I'm not saying I'm right. It's just what I would do if it was me.
GOOD LUCK!!!


----------



## DanielD (Jul 21, 2012)

Crispy, reading your original thread, it sounds like you don't really know for sure that the swarm is from your hive. You need to first figure that detail out. You don't need to be in a hurry to combine them back. You need to inspect the original hive closely and look for queen cells, which could be a week or more after a swarm before they start to emerge. If there are abundant queen cells, then yes it swarmed. If there's no swarm cells, look for eggs. 3 days after a queen leaves in a swarm, all the eggs would be hatched. If there are eggs, you still have a queen in there. If you just combine now with queen cells present, the queen could just swarm again. 

If it was me, and all I wanted was to combine the two back together, I would tear down ALL the queen cells, (one is easy to miss) and check back in a week to tear down the emergency cells made. All of them. Again, it's easy to miss one. Bees can cover one up, especially an emergency cell that's small. If you check for emergency cells and find none, you may have missed a swarm cell and have a virgin queen in there by then. While this is going on, the new swarm is building you comb and extra room. I would combine anytime after all the cells are gone, making sure there was room for brood and incoming stores.


----------



## Crispy (Aug 23, 2016)

After digging through the original hive yesterday I did find at least one opened queen cell.
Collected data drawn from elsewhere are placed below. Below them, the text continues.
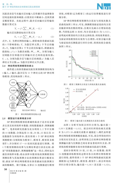 较, 验证 BP 神经网络模型在沥青路面沉陷预测方 测模型( 记为模型 Ⅱ , 模型 Ⅲ , 模型 Ⅳ ), 拟合所得的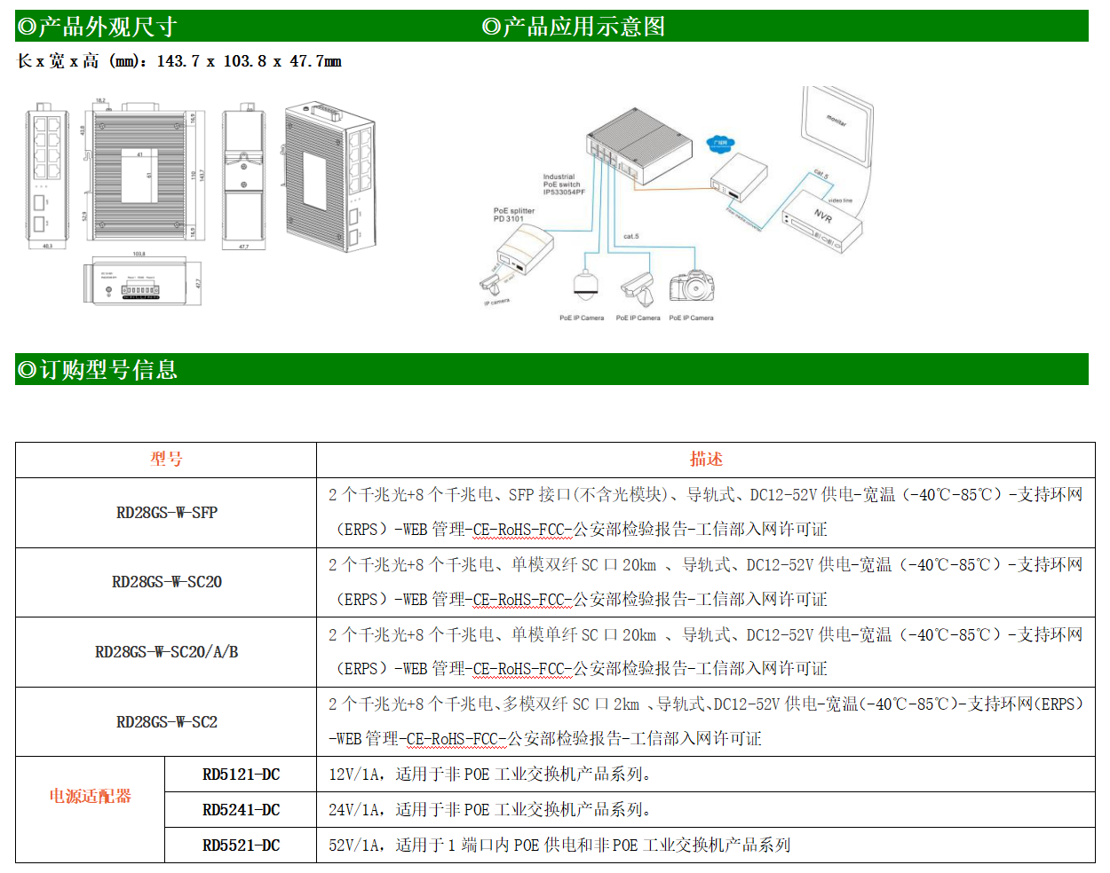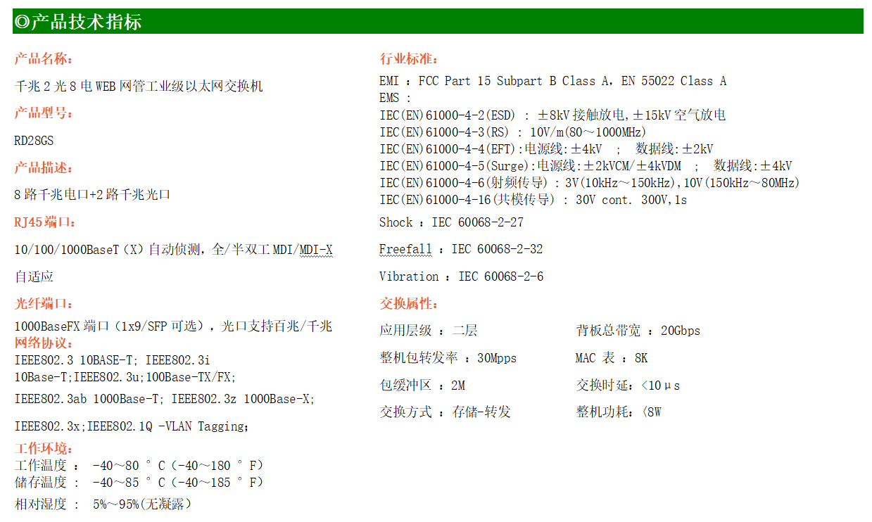 RD28GS-W-SFP系列WEB網(wǎng)管工業(yè)級(jí)以太網(wǎng)交換機(jī),產(chǎn)品符合FCC、CE、ROHS標(biāo)準(zhǔn),支持工業(yè)現(xiàn)場(chǎng)所需的以太網(wǎng)二層協(xié)議,保證通信網(wǎng)絡(luò)的穩(wěn)定性。該系列交換機(jī)采用低功耗、無(wú)風(fēng)扇設(shè)計(jì),確保無(wú)噪聲干擾,同時(shí)支持-40~85℃工作溫度和良好的EMC電磁兼容性能,保證在惡劣的工業(yè)環(huán)境中保持穩(wěn)定的工作,為工廠自動(dòng)化,智能交通,視頻監(jiān)控等工業(yè)應(yīng)用領(lǐng)域組建快速穩(wěn)定的網(wǎng)絡(luò)終端接入網(wǎng)絡(luò)提供安全可靠的解決方案。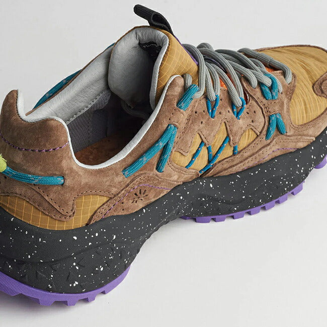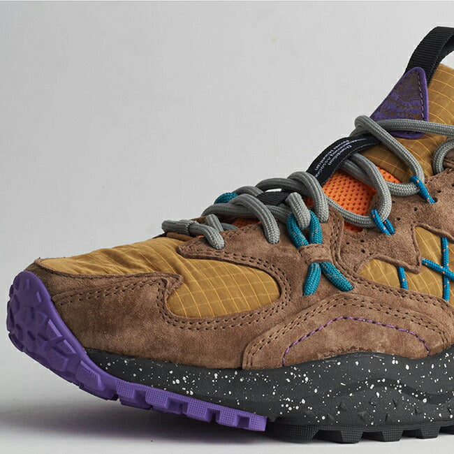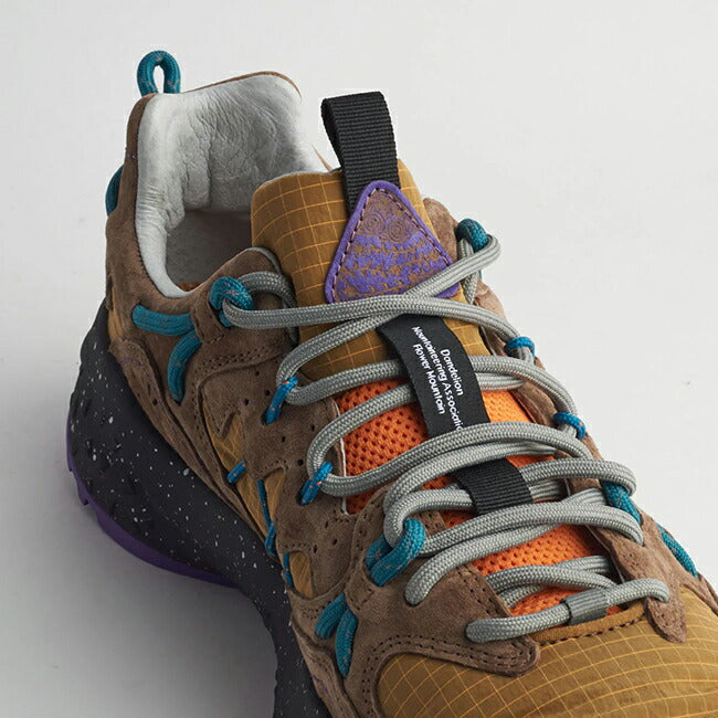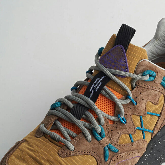 太さの異なる2種類のレースを使用した無骨なデザインが特徴の「YAMABUSHI」。 ボディーにはナイロンを使用し、オーバーレイのレザーと組み合わせることで、足のブレによる衝撃を効果的に軽減する構造となっています。 はるか昔から穏やかに暮らし、そして谷を渡り、山々を駈ける「山伏」。 そんな日本文化に敬意を表したプロダクトです。 新ソールは接地面にフロント、ミッド、リアの3つのセクションに異なるラバーを配し、各セクションに独自の機能を搭載しています。 ・フロントセクション 高密度の砂利のようなトレッドパターンで設計されており、優れた摩擦とグリップ力を発揮し、蹴り出しやスプリント時の推進力を高めます。 ・ミッドセクション 空洞になっているパーツに滑り止め溝を組み込み、スムーズなトランジションを実現。 これにより、十分なトラクションを確保しながら、ソール重量を大幅に軽減し、柔軟性を持たせています。 ・リアセクション 久性と安定性を高めるために、最小限のトレッドパターンを備えた厚手のゴムを採用しています。 着地時の衝撃を効果的に吸収し、ランナーの足と関節を保護し、衝撃時のストレスから軽減します。 【素材】 ピッグスエード+ナイロン 【底材】 EVA+ラバー ライニングには抗菌・防臭機能があるMicroban社製の素材を使用、インソールにはコルク素材を使用し吸湿性に優れています。 |

So the swarm is most likely mine and they prepared for swarming in the usual manner. However, all of the "experts" I've talked to have said that it is unusual for them to swarm now.

I think the best course of action is to let each continue independently for three weeks and then check for eggs, larva and capped brood. If some are present in both, then I'll have to figure out what to do.

If the capped brood in the original hive are all drones, that means that my new queen is still a virgin and as long as I can find her and kill her, then I can merge using the method recommended above.


----------



## Eikel (Mar 12, 2014)

With only one or two cells I'd lean more toward supersedure, I've found swarm and emergency to create multiple cells, 6+. But I too would let it play out for a few weeks and overwinter two hives/nucs or combine if necessary. Keeping a spare nuc around is a handy thing indeed.


----------



## DanielD (Jul 21, 2012)

Crispy, you write one open cell is found. How many other cells did you see? If only a couple, as Eikel writes, maybe a supersedure. In a supersedure, the old queen could leave with some bees sometimes instead of being killed off. They can also swarm about anytime till late if they are overcrowded. You don't need to be in a hurry to combine them. It would be hard to find that virgin emerged queen right now since one has emerged, and it would need to be gone. You are gaining bees towards winter with the swarm queen laying.


----------



## Crispy (Aug 23, 2016)

I didn't see any others, but then I didn't pull every frame out. The open queen cell that I found was at the top of a frame, not the bottom. 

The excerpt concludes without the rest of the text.